I'm not making some profound statement here, it's more of a playful philosophical note. In order to have "randomnisity" you must be able to quantify it, and that is generally done by measuring entropy. By that specific measure, a system which reliably produces the least predictable value possible actually becomes perfectly predictable.

This doesn't really need to apply to PRNGs, it could be any source whatsoever. We notice that some background EM noise is consistently producing data at maximum entropy* and all of a sudden we could predict it perfectly.

* This entire premise is assuming that entropy can be reliably quantified and maximized by a distinct output. I don't know about the former but the latter is not always the case, as there may be multiple outputs resulting in an equal entropy.
 
  • #9
I see what you are getting at now, but it is impossible by definition. What you are suggesting is a self contradiction.
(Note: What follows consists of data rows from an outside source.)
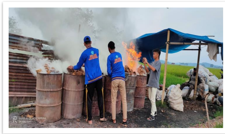
Gambar 2. Proses pembuatan batok kelapa
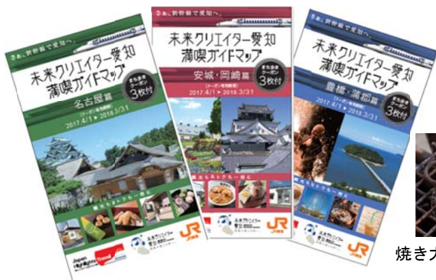
【ガイドマップ表紙】
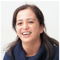
伊藤忠テクノソリューションズ株式会社 情報システム部 インフラシステム課
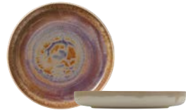
Teller tief rund hoher Rand 24 cm / Plate deep flat high rim 24 cm Art-Nr: 8 01 1924 4 Durchmesser / diameter: 242 mm / 9.53" Inhalt / volume: 1,40 l / 47.34 fl. oz. VPE: 6
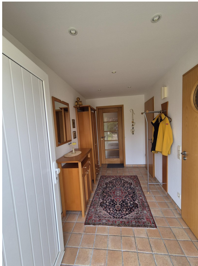
Eingangslur, Sicht Haustür
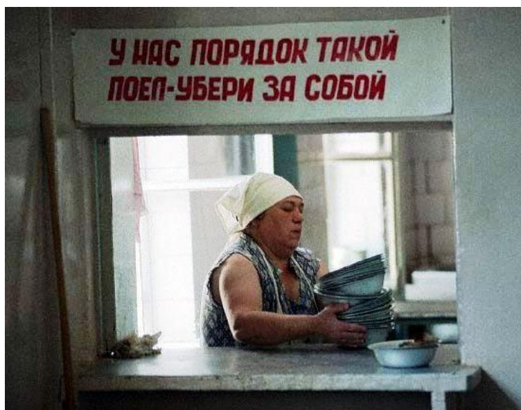
Советская столовая. По материалам Интернета.
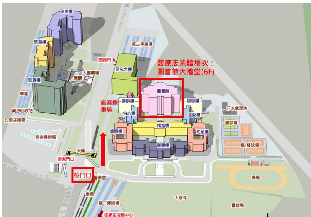
113年5月1日(三) 慈濟醫療志業體場次活動場地圖
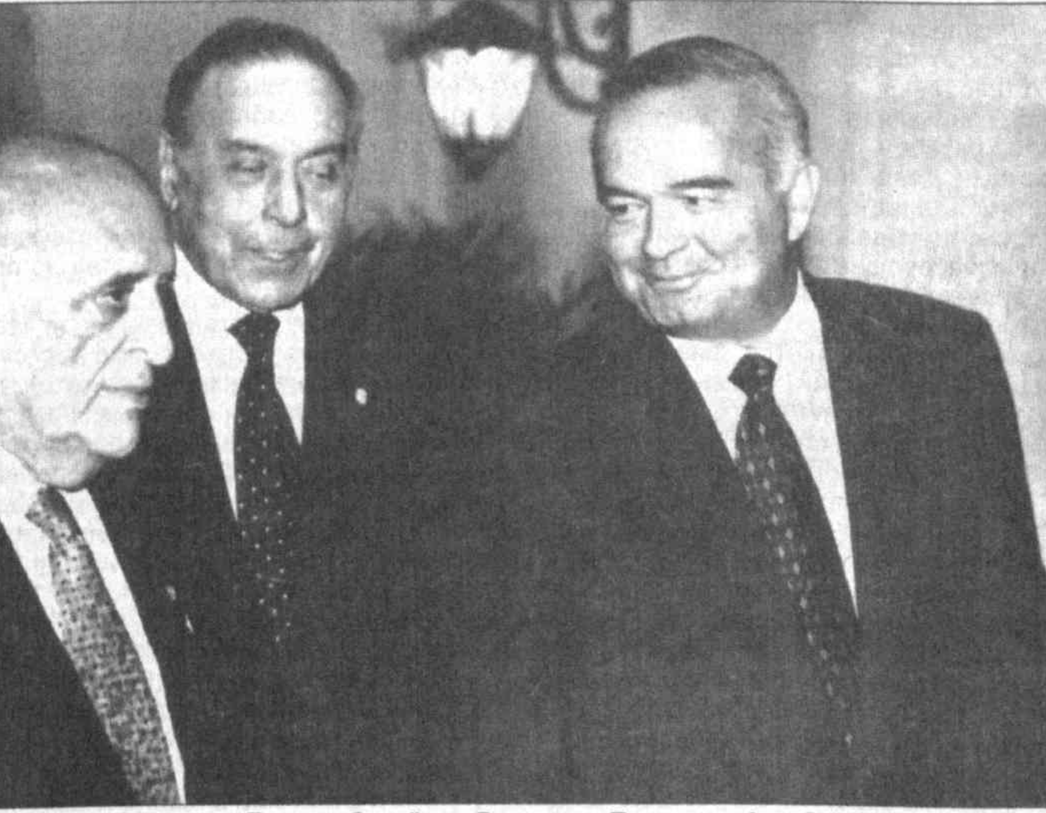
Во время встречи — Президент Турции Сулейман Демирель, Президент Азербайджана Гейдар Алиев, Президент Узбекистана Ислам Каримов.

Говоря о Бакинской конференции, нужно особо отметить: к работам, осуществляемым в рамках ТРАСЕКА, с интересом относятся не только страны — ее участники, но и другие государства мира. Об этом свидетельствует тот факт, что в конференции приняли участие 32 страны мира, а также представители более десяти авторитетных международных организаций, таких, как Организация Объединенных Наций, Европейский банк реконструкции и развития, Всемирный банк. Важным шагом на пути реализации грандиозного проекта стала створка в 1996 году в местечке Серхас железнодорожных магистралей Центральной Азии и Ирана. Тогда же, 13 мая 1996 года, в Серхасе был подписан Договор о предоставлении друг другу режима свободного транзита между Узбекистаном, Азербайджаном, Грузией, Туркменистаном, У республик, которые начали пользоваться этой важной частью древнего караванного пути, проложенного от Японии до Адриатического моря, значительно снизились затраты, и они даже стали получать доход. Естественно, что может возникнуть вопрос: какую же пользу принесло это Узбекистану? Узбекистан от реализации договора сэкономил на перевозке около 12 миллионов долларов. Ведь ТРАСЕКА по сравнению с северным направлением ко-
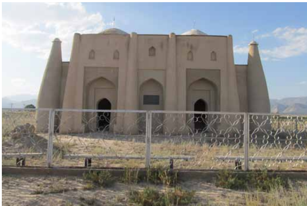
Атантай, Тайлак баатырлар күмбөзү, Ак-Талаа району
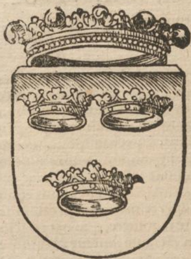
Stockholmia regia ciuitas.

Sueoniam siue Suetiam, & ut uulgò appellant, Sueciam, nunc scrutabimur, florentissimum & latissimū aquilonis regnum, paucisq̃ attingemus situm eius, antiquitates, res gestas, prouentus & diuitias. Habet hæc regio ab occidua sui parte Gothos, à Boreâ Vuermilanos cum Scricfinnis, ab oriēte Finlandiam & Russiā, & ab austro Balticum mare. Est etiam hæc regio inter aquilonares fertilissima, ager frugib. & melle optimus, diues argenti, aris, plumbi, ferri & pecuris, locuples immenso prouētū pisciū ex fluminibus, lacubus, & mari, uenationibus quoq̃ ferarum. In summa, Suecia duplo dicitur excellere regnū Norduegiæ, in magnitudine, in populo, metallis & alijs prouentib. Est tamen in multis locis aspera, montosa & paludiosa, ut non ubiq̃ equitib. & currib. peruia sit. Est in ea Stockholmia urbs mediocris, regia & emporium Suecorum, munita natura & arte. Ea sita est in paludib. instar Venetiarum, inde
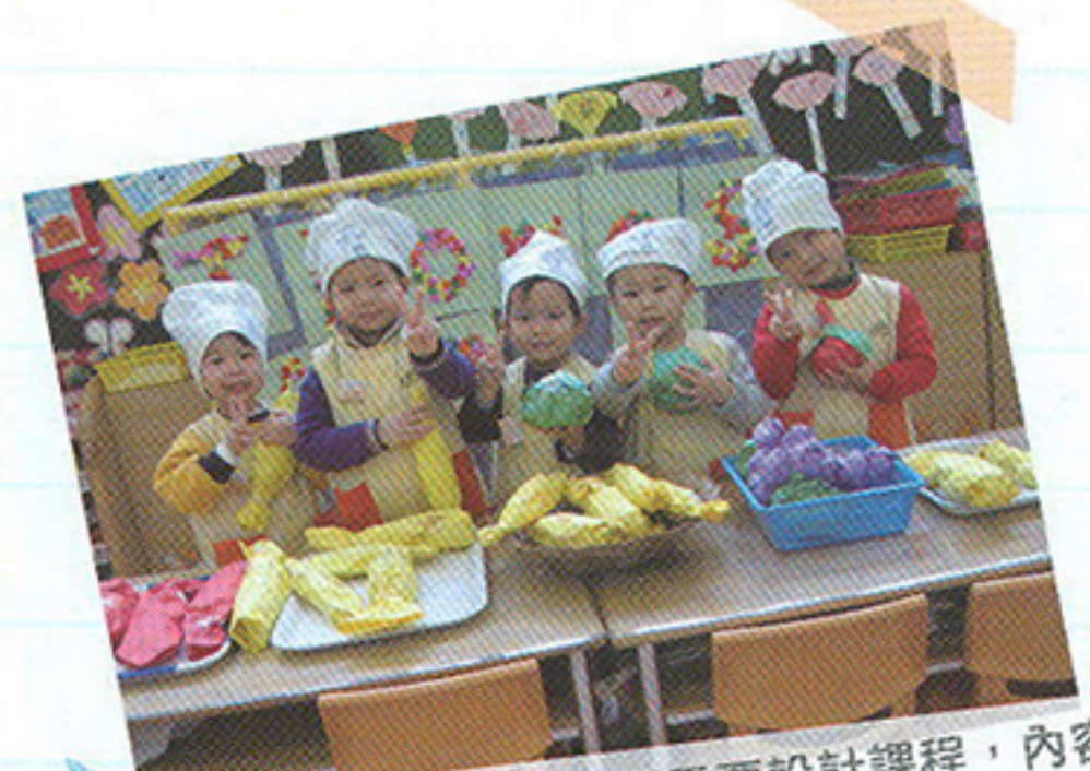
學校按照幼兒的發展需要設計課程，內容貼近小朋友的生活經驗。

九龍禮賢學校暨幼稚園是基督教學校，重視小朋友的生命品格教育。「我們會將基督的核心價值教給小朋友，如懂得感恩、珍惜、誠實，希望我們的小朋友擁有不同的質素，這是貫徹三年幼稚園生活的教育，期望小朋友
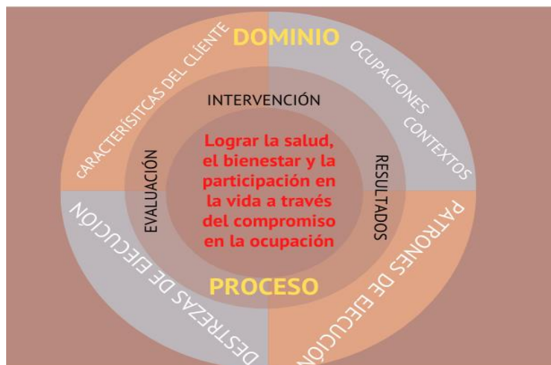
Figura 2. Descripción visual simplificada del dominio y el proceso de la terapia ocupacional. Reeditación propia.

Aunque el dominio y el proceso se describen por separado, en realidad están unidos de modo indisoluble en una relación transaccional.
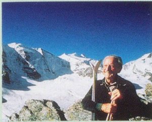
Alfred Vogel (1902 – 1996)
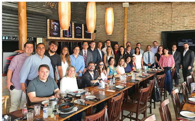
REUNIÃO DA SECCIONAL

Internacional, Idealizador & Desenvolvedor da metodologia ICAP - Integrity Coefficient Analysis Protocol, que visa identificar através da investigação científica da conduta não verbal vestígios sólidos para identificar, mapear, quantificar e evidenciar indícios de conduta dissimulativa, Autor do Livro “Técnicas de interrogatório – Aplicações no Contexto Policial”, pela Editora Ixtlan. A reunião contou com a presença de diversas autoridades da Justiça Criminal, Polícias Civil e Federal, além de representantes da Segurança e Defesa Social do Estado da Paraíba.
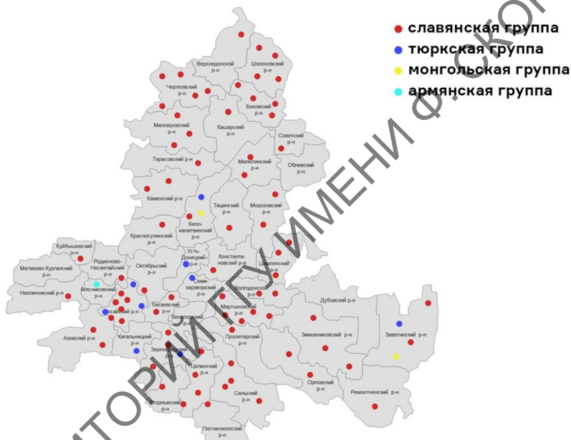
Рисунок 1 – Карта распространения сельскохозяйственных топонимов различных языковых групп (составлено авторами)

Учитывая полиэтническую историю заселения территории нынешней Ростовской области, стоит также рассмотреть пространственное распределение сельскохозяйственных топонимов различного языкового происхождения (Рисунок 1; Рисунок 2).
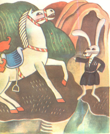
ქ. ბერიძის ნახატი

გაეკიდა მეფე თავხედს, გარბის ისარივით მარდი, სულ ქლოშინით მოატარა ხან აღმართი, ხან დაღმართი. მის ბედაც და მისძახილია: — ჰეცაცა და მართლა ნავსო, დამცაადე, დაგეწვიო, ვფიცავ, ცოცხლად გაგხდი ტყავსო! მზის ჩასვლამდე ასე სდიო, იზმოქრა, ოფლი ღვარა. სასაცილოდ არ უოფნიდა ჩვენს პურტყვიტას ეს მუქარა. ერთ დიდ კლდესთან, უცაბედად ისკუპა და განწე გახტა, ცხენი შედგა, ხოლო მეფე შურდულივით მოსწყდა ტახტას. გაიწვლდა მონადირე და პიტალოს შუბლი სთხლიშა, იქვე ხრამში გადაგორდა, დააცვივდა ქვა და ქვიშა. გაიქინა ხელი, ფეხი, აქშუტუნდა, როგორც სტვირი, დაიჩუტა ქონის გულა და წაიღო თქვენი ქირი. ამ ამბავმა ქვეშევრდომნი დიდად როდი შეაწუხა, მიათრიეს ლეში, სადაც ასწლოვანი იდგა მუხა. ამოთხარეს ხელად ორმო, შიგ ჩაუშვეს მეფე ფიფი, მიაყარეს შავი მიწა, დაფარეს ლოდი სიპი. გაიმართა წელში ხალხი, გაიძახის ერთხმად ყველა: —ადრე იყო სასიკვდილო, —ის მუწუკი, ის წურბელა. ლოცავს კურდღელს დიდ-პატარა, კაცი, ქალი, ძაღლი, ფისო: —რა ვეშაპი მოგვაშორა, ღმერთი იმას უშველისო.— დილით, როცა მთის მწვერვალი მზის სხივებით მოისირმა, ტპილ ბურანში გაიზმორა, დაამთქარა ჩვენმა გმირმა... შემოთვალა:—ჩირგვენი ვზივარ, მხურავს ცის კაბადონიო, ჩემთვის მძინავს, რას დამაკლებს მეფე, ანდა ბატონიო!
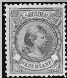
48 - postfrisse 5 gulden bronsgroen en roodbruin Prinses Wilhelmina 1896, lijntanding 11, cert. Vleeming 2010, verkocht voor € 1.201
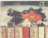
▲ Fra starten af 2000'erne.
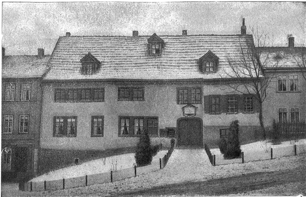
Das Geburtshaus von Johann Sebastian Bach in Eisenach.

Die Klingel himmelt altmodisch blechern, wie wir daran ziehen, dann öffnet sich die braune blankte Haustür mit dem Türklopfer aus Messing. Ein Strom von Licht und Glanz und Sonne strömt uns entgegen und spielt auf den roten Fliesen des Hausflurs. Das warme Licht kommt durch die gegenüberliegende Tür, die weit offen steht und in den
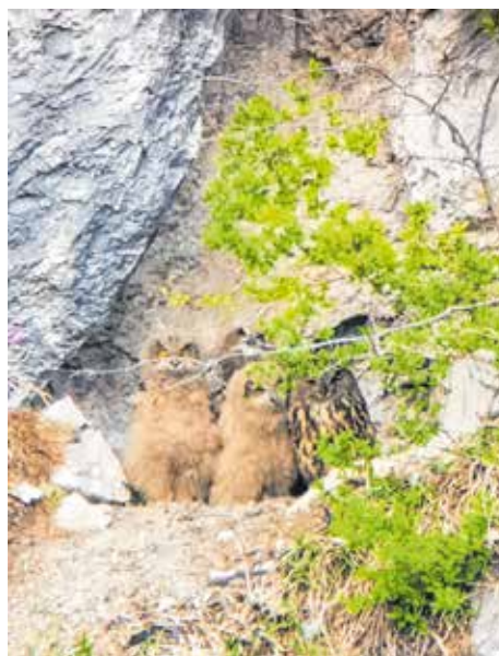
Eine Uhu-Familie in ihrem Horst.
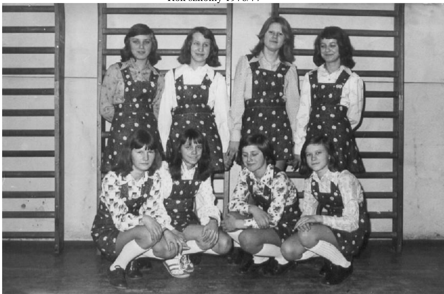
Zespół taneczny w 1977 roku
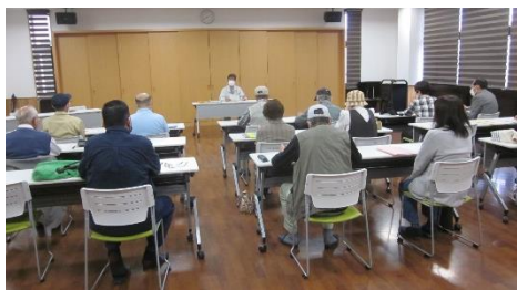
室内で講義を行いました

野本市民活動センター内の会議室で約1時間、花を植える前の花壇の準備から植付方法、花の育て方の講義を行いました。その後、野外で種まき実演指導を行いました。種まき方法や飼育箱の作り方の注意点などを勉強して頂きました。野本地区13名の代表が受講しました。
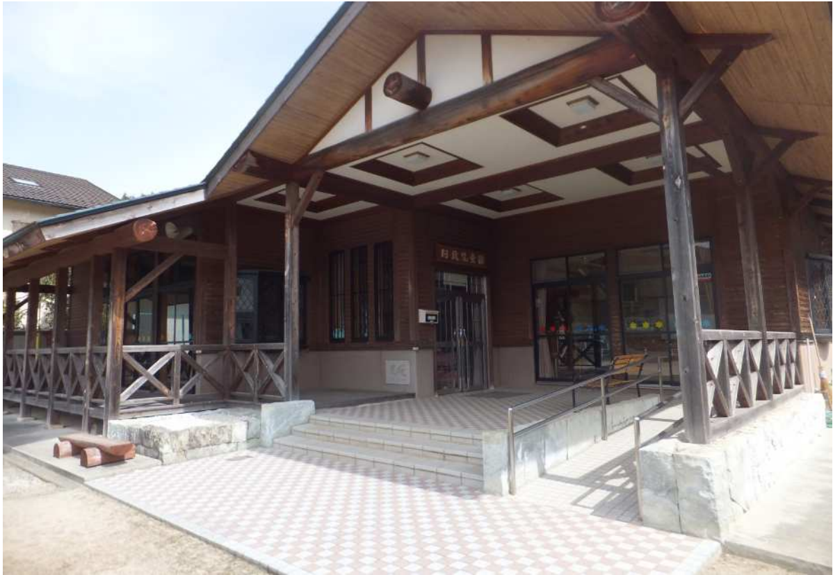
外観 木を基調としており建物全体のデザイン性が高いです。
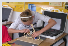
Kompetenzzentrum des Ilm-Kreises in Arnstadt.

Der Thüringer Berufswahlpass präsentiert sich mit seiner 7. Auflage zu Beginn des Schuljahres 2010/2011 in einem neuen Layout. Das aktuelle Verständnis von Berufsorientierung geht davon aus, dass sie mehr als die einmalige, lineare Berufswahlvorbereitung für eine Berufs- oder Studienwahlentscheidung ist. Sie ist als individueller Prozess zu verstehen, in dem die Kompetenz gefördert wird, Berufsbiografien zu entwerfen, vorzubereiten und zu gestalten.

Suppose we have a 1 bit RNG. Suppose further that P(0)=0.9 and P(1)=0.1. So a 0 provides 0.1 nats of entropy and a 1 provides 2.3 nats of entropy. So your proposal would be to always return a 1, but this contradicts the assumption that P(1)=0.1.

Consider an average 10 digit message with this RNG. The expected entropy would be 3.2 nats. In contrast, an unbiased RNG provides 0.69 nats for either a 0 or a 1 so the expected entropy for a 10 digit message is about 6.9 nats.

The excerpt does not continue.